/ppccrwlr

Examine supportconfigs for PPC specific issues

Primary LanguagePython

ppccrwlr

Crawl directories with supportconfigs for ppc64le cases, and collect some hardware aspects in order to recognize some regular appearing issues.

Description

We see a couple of common PPC64LE failure patterns, that deserve further investigation.

  • network thoughput and latency
  • soft lock-ups
  • high cpu usage

The first is caused at least in part by a deficit of the ibmveth driver, that isn't able to distribute interrupts to multiple cpus properly.

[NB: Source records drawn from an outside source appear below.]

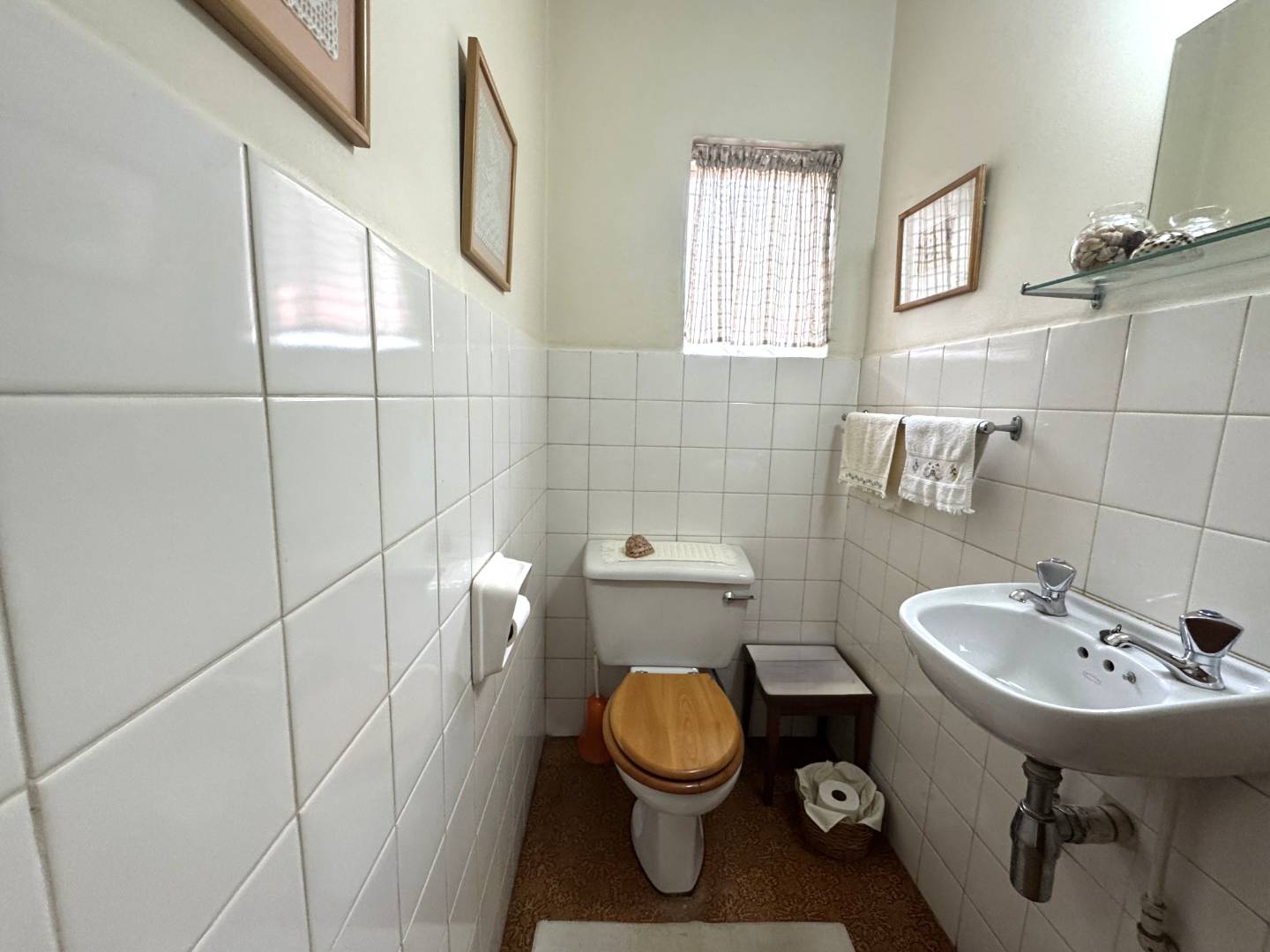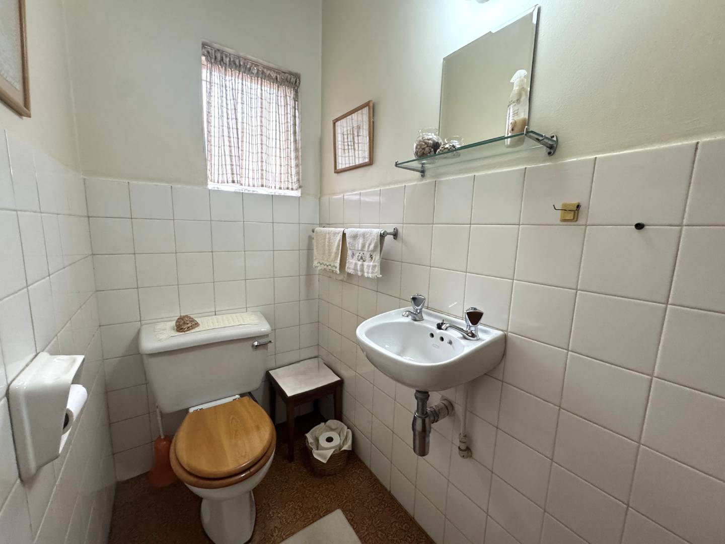 The second bathroom has a shower, basin and a separate toilet.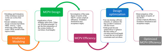 This paper is organized as follows: In Section 2, the methods and specifications are outlined, including the targeted cars and site of use, as well as the determination of solar irradiance. Section 3 provides a detailed description of the proposed MCPV system. Section 4 discusses the conducted simulation and the achieved results. Finally, Section 5 presents the conclusions drawn from the study.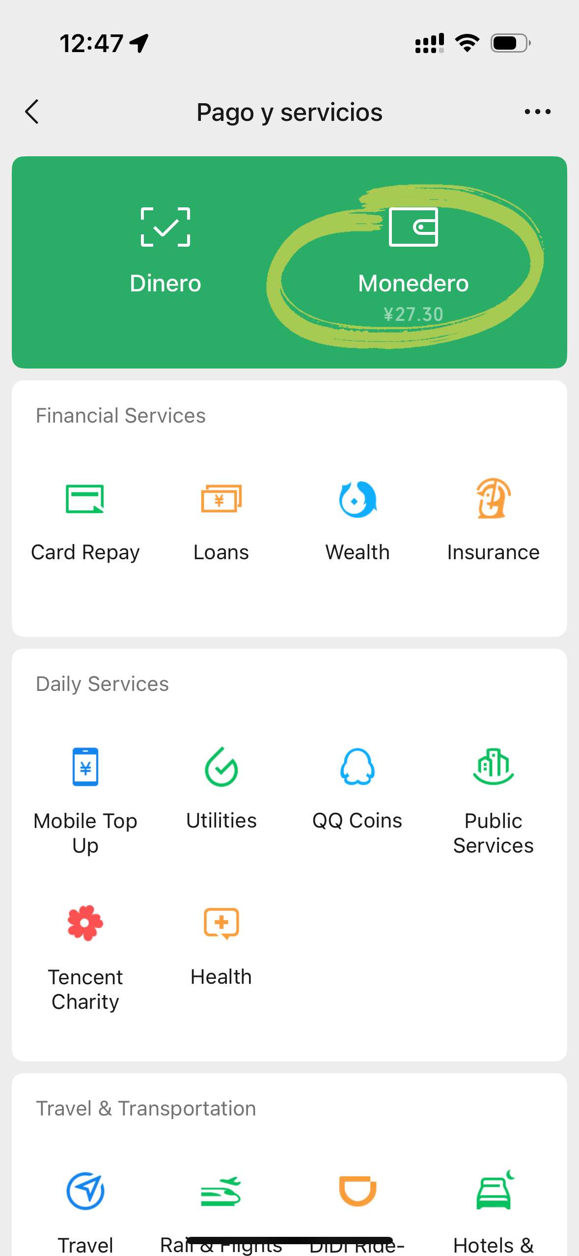 - Abre "Yo" → Pagos y Servicios → Busca "Servicios de Viaje".

The official solution of IBM is to create a bonding -alb device with up to 8 interfaces, or use SRIOV devices with the ibmvnic driver. Another important detail is the interrupt engine: with the old XICS scheme, every interrupt is routed vi VIO to the LPAR, while the new XIVE scheme, interrupts are delivered from hardware to the LPAR directly. Also, some limitations, which core can handle them, are removed. XIVE requires POWER9 architecture and the LPAR needs to be set up with Power9 mode, not Power9base mode.

The causes of the second and third ones are not completely understood. Typically, the sys load is raising including the steal percentage, and workqueues pile up. We want to examine, if kernel and firmware versions contribute to the problem.

Run the program by supplying a directory containing one or more supportconfigs. It will search for hardware.txt files, and make sure, that the architecture is ppc64le. Then it also parses the basic-environment.txt.

At that time, it just produces a condenced output similar to:

PPC(
     path: '.../scc_labmnstr1_210903_0902'
     date: 'Fri Sep  3 09:03:12 CEST 2021'
 hostname: 'labmnstr1'
   kernel: '4.12.14-150.72-default'
   os_ver: 'SLES 15'
cpu_count: 16
 cpu_type: {'POWER9 (architected), altivec supported'}
    model: 'IBM,9080-M9S'
  machine: 'CHRP IBM,9080-M9S'
 platform: 'pSeries'
      irq: {19: IRQ(nr=19, count=16966701, name='eth0', dist=10.9),
            20: IRQ(nr=20, count=33817, name='eth1', dist=9.2)}
      nic: {'eth0': NIC(model='IBM Virtual Ethernet card 1', driver='ibmveth', device='eth0', hwaddr='22:9f:89:12:34:56', hwaddrp='22:9f:89:12:34:56', link=True),
            'eth1': NIC(model='IBM Virtual Ethernet card 0', driver='ibmveth', device='eth1', hwaddr='22:9f:89:12:34:56', hwaddrp='22:9f:89:12:34:56', link=True)}
   fw_lvl: 'FW930.30 FW930.03 FW930.30'
   fw_dat: '20201007 20190809 20201007'
   fw_img: 'VH930_116 VH930_068 VH930_116'
)

This is a good one already. Note the dist value of the interrupts. This value is made up from these interrupts:

irq: 19: [15120028, 0, 0, 0, 0, 0, 0, 0, 1846673, 0, 0, 0, 0, 0, 0, 0]
irq: 20: [30713, 0, 0, 0, 0, 0, 0, 0, 3104, 0, 0, 0, 0, 0, 0, 0]

It is a number between 0 and 100 to reflect the distribution of this interrupt over all CPUs.

The algorithm works as follows:

If the number of interrupts per CPU is between 0 and twice the average of all interrupts per CPU, let this be included in the total distribution. In this example for IRQ 19: total number of interrupts: 16966701, average number per CPU: 1060419. 15120028 is 14 times the average value and is discarded, 1846673 is 1.7 times, and is thus taken into account. 100/16 * 1.7 = 10.9.

Usage

The minimum supported Python version is 3.6.

On ziu, you need to call this program by:

python3.6 ./ppc-crawler.py /srv/www/htdocs/SFSC<case-nr.>/

Specifying -v reveals some details, and another -v probably reveals more than you ever wanted to see.